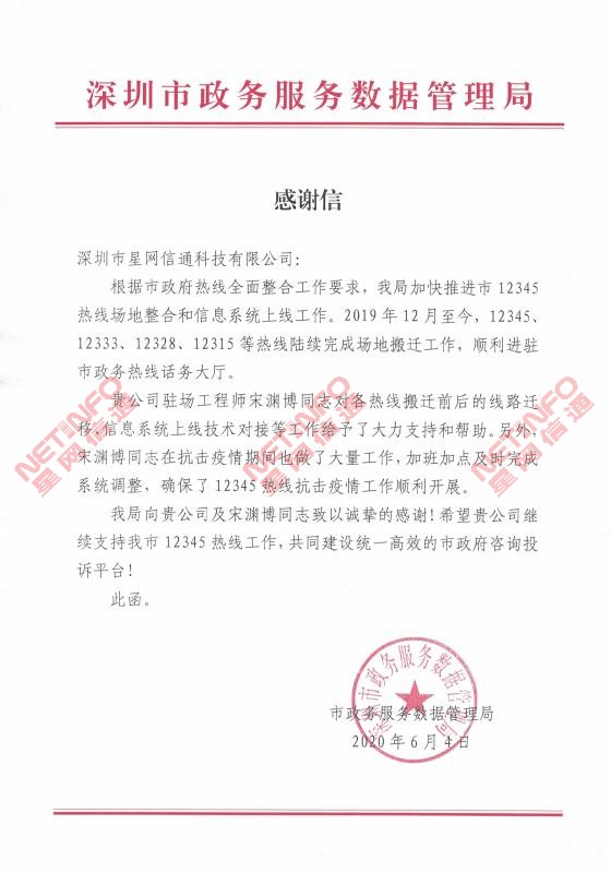 我司2019年承接的深圳市政府--12345熱線項(xiàng)目,在項(xiàng)目過(guò)程中,我司駐場(chǎng)工程師體現(xiàn)了極強(qiáng)的專業(yè)素養(yǎng),克服了種種困難,圓滿提前完成了任務(wù),獲得了客戶極高的評(píng)價(jià)和認(rèn)可。客戶的滿意是星網(wǎng)信通存在的最大價(jià)值,我們感謝深圳市政府對(duì)我們的認(rèn)可與信任,這無(wú)疑是對(duì)我們最大的鼓勵(lì)。星網(wǎng)會(huì)努力做得更好,只為了給客戶最好的守護(hù),做您最強(qiáng)的后盾。
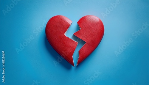 a red broken heart heartbreak sadness loss and emotional pain isolated on a solid blue background
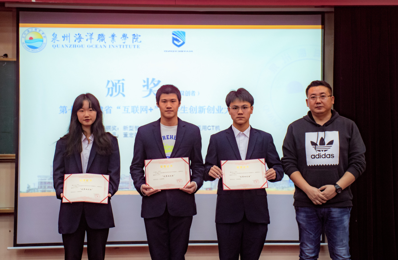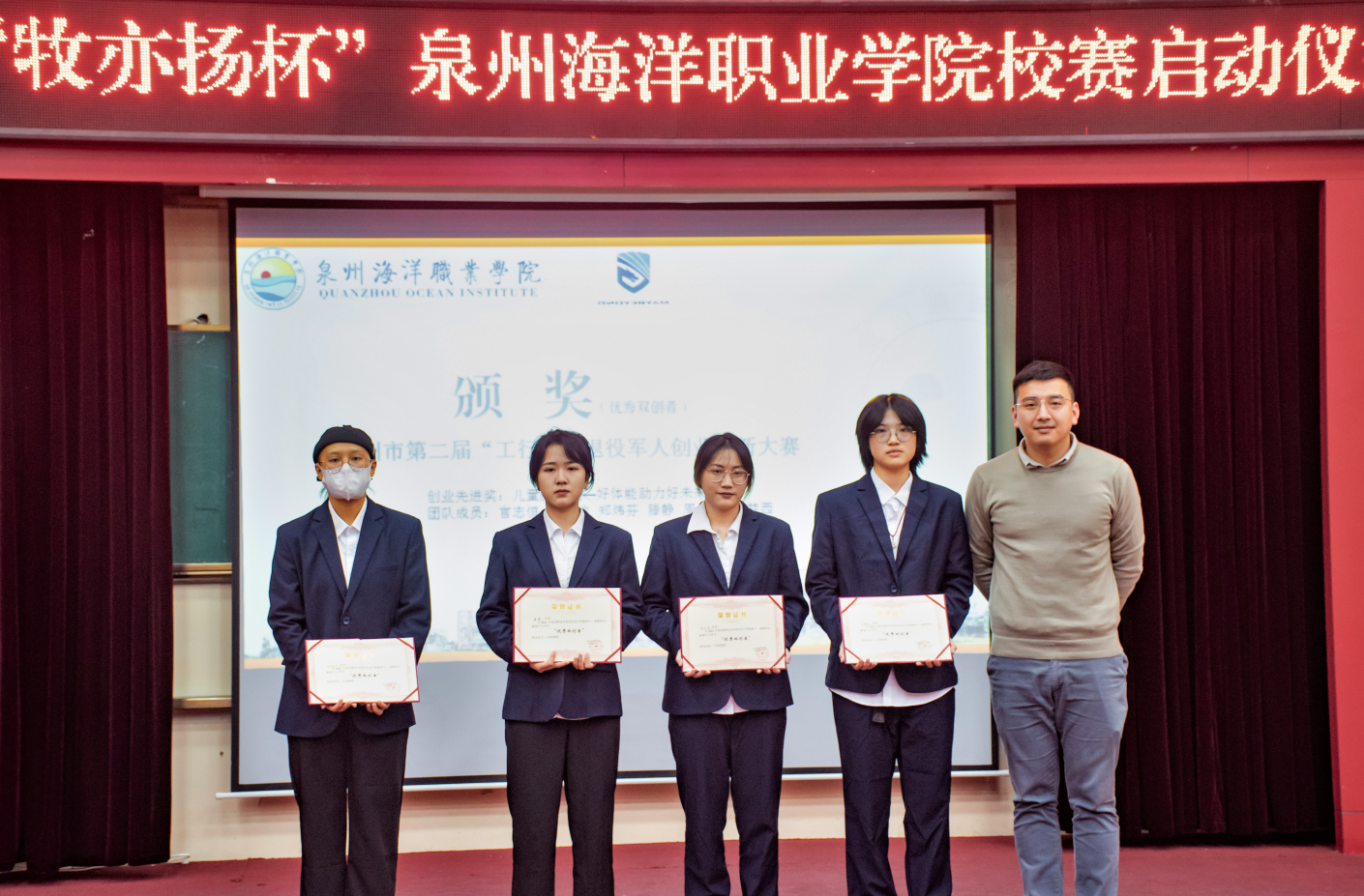 • 第一组:《儿童新天地-好体能助力好未来》项目获得泉州市第二届“工行杯”退役军人创业创新大赛创业先进奖,团队成员:官志恒、魏艾洁、郑炜芬、滕静、周子薇、汪梦西
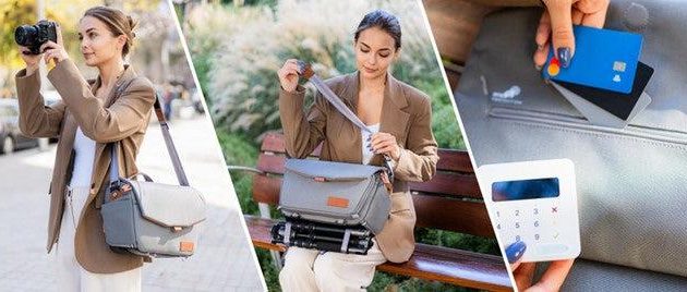 Geliefert werden die neuen Schultertaschen mit einem rutschfesten Neopren-Schultergurt, der drehbar an der Tasche befestigt ist. Eine gepolsterte Rückseite passt die Tasche an den Körper an. Für längere Strecken gibt es außerdem einen abnehmbaren Umhängegurt, der verhindert, dass der Schultergurt unterwegs verrutscht.
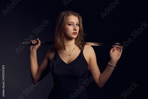 Fototapeta premium Young female with katana on black background
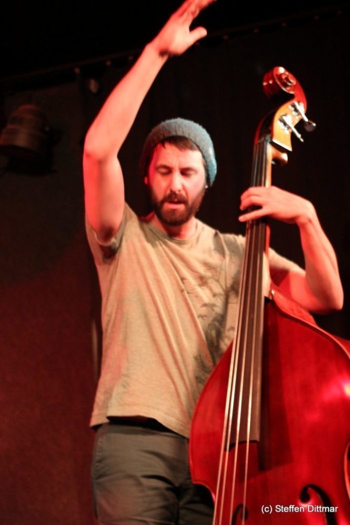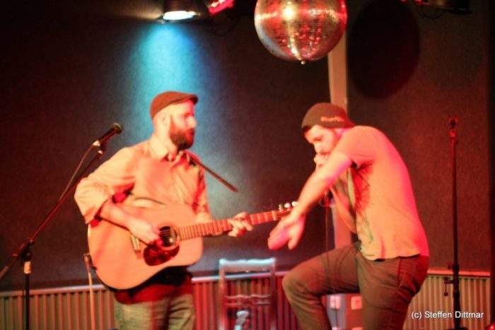 Bereits öfters zu hören und bekannter sind Frére de Song (in Anlehnung an den französischen Begriff für Blutsbrüder). Dahinter verbirgt sich das Projekt von Sänger und Gitarrist Matthias Breckle, der sich je nach Anlass von verschiedenen Musikern und Besetzungen begleiten lässt. Mit Marcel Engler war am Samstag ein Partner im Boot, der mit Kontrabass, Trompete, Flöte und Percussion bis hin zum Löffel für Vielseitigkeit und filigrane Finesse sorgte. In Kombination mit den kryptischen Songs über Trennung, Offenbarung und Umkehr boten die beiden bezaubernd sanfte Musik.
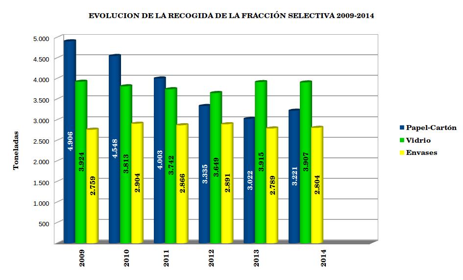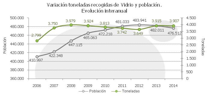 Los gráficos muestran la evolución en los últimos años de las toneladas de Envases, Papel-Cartón y Vidrio recogidas comparándolo tanto con la población como con el ratio de kilogramos por habitante y año.
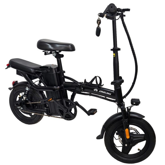 Электровелосипед Armelona AR-18 оборудован складной рамой, которая позволяет быстро уменьшить размеры устройства для удобного хранения в малогабаритных квартирах или перевозки в общественном транспорте. В рабочем состоянии габариты составляют 1380×530×1071 мм, а в сложенном виде велосипед становится еще более компактным, занимая минимум места. Вес нетто равен 25.74 кг, что делает его удобным для переноски по лестнице и загрузки в автомобиль.

* * *

> Exercise aim:
In the copy, only the lines from the one holding "Los gráficos muestran" through the end of the listing above should appear, retyped exactly, both ends included, with no pictures.

> Answer for the task:
 Los gráficos muestran la evolución en los últimos años de las toneladas de Envases, Papel-Cartón y Vidrio recogidas comparándolo tanto con la población como con el ratio de kilogramos por habitante y año.
 Электровелосипед Armelona AR-18 оборудован складной рамой, которая позволяет быстро уменьшить размеры устройства для удобного хранения в малогабаритных квартирах или перевозки в общественном транспорте. В рабочем состоянии габариты составляют 1380×530×1071 мм, а в сложенном виде велосипед становится еще более компактным, занимая минимум места. Вес нетто равен 25.74 кг, что делает его удобным для переноски по лестнице и загрузки в автомобиль.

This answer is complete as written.